What to produce: Give back only the lines in the records below from the one with "以前買ったのは大袋入りのアソ" to the one with "A beautiful band", both inclusive, word for word.

Data shown:
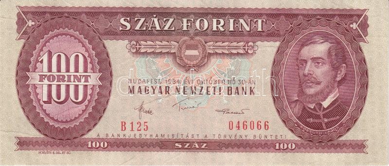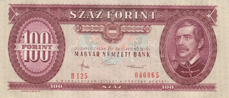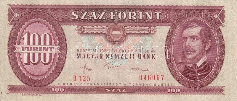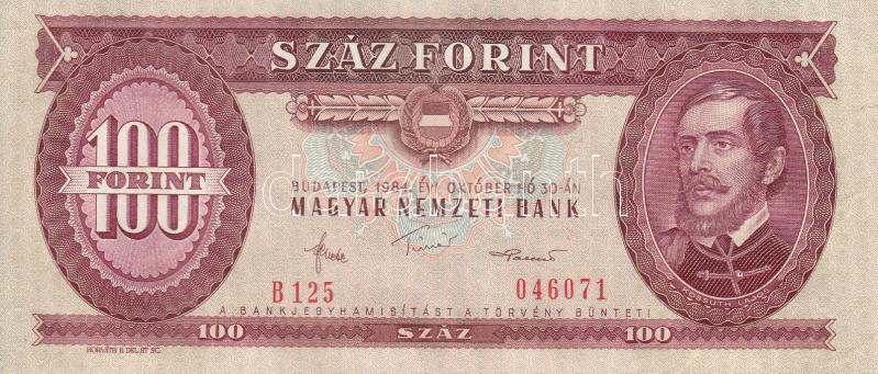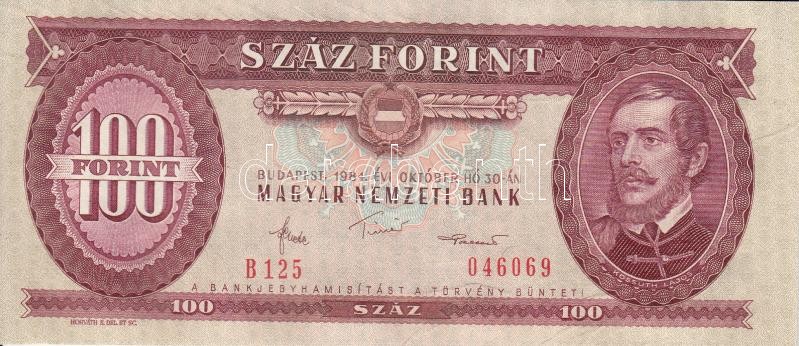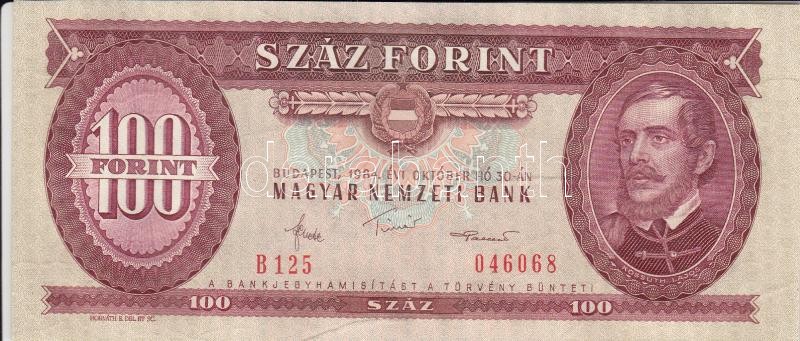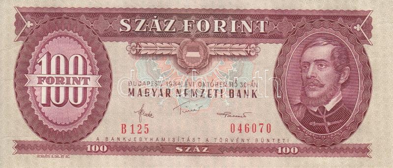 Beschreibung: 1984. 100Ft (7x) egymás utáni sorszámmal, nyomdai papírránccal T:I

---

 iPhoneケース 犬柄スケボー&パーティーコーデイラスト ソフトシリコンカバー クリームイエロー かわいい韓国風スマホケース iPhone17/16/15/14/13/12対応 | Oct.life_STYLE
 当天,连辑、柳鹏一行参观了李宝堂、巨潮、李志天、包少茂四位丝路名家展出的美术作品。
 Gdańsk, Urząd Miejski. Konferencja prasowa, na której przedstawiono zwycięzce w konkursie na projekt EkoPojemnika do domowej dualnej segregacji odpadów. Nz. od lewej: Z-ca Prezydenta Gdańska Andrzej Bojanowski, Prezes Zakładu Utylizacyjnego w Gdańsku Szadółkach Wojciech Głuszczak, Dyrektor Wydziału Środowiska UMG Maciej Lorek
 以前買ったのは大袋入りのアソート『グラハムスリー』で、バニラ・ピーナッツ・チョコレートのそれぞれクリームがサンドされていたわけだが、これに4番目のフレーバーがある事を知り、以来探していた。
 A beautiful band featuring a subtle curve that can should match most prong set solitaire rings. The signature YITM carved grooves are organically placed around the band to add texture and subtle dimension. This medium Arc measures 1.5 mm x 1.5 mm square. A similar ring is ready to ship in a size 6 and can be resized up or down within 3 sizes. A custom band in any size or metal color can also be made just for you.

Output for this exercise:
 以前買ったのは大袋入りのアソート『グラハムスリー』で、バニラ・ピーナッツ・チョコレートのそれぞれクリームがサンドされていたわけだが、これに4番目のフレーバーがある事を知り、以来探していた。
 A beautiful band featuring a subtle curve that can should match most prong set solitaire rings. The signature YITM carved grooves are organically placed around the band to add texture and subtle dimension. This medium Arc measures 1.5 mm x 1.5 mm square. A similar ring is ready to ship in a size 6 and can be resized up or down within 3 sizes. A custom band in any size or metal color can also be made just for you.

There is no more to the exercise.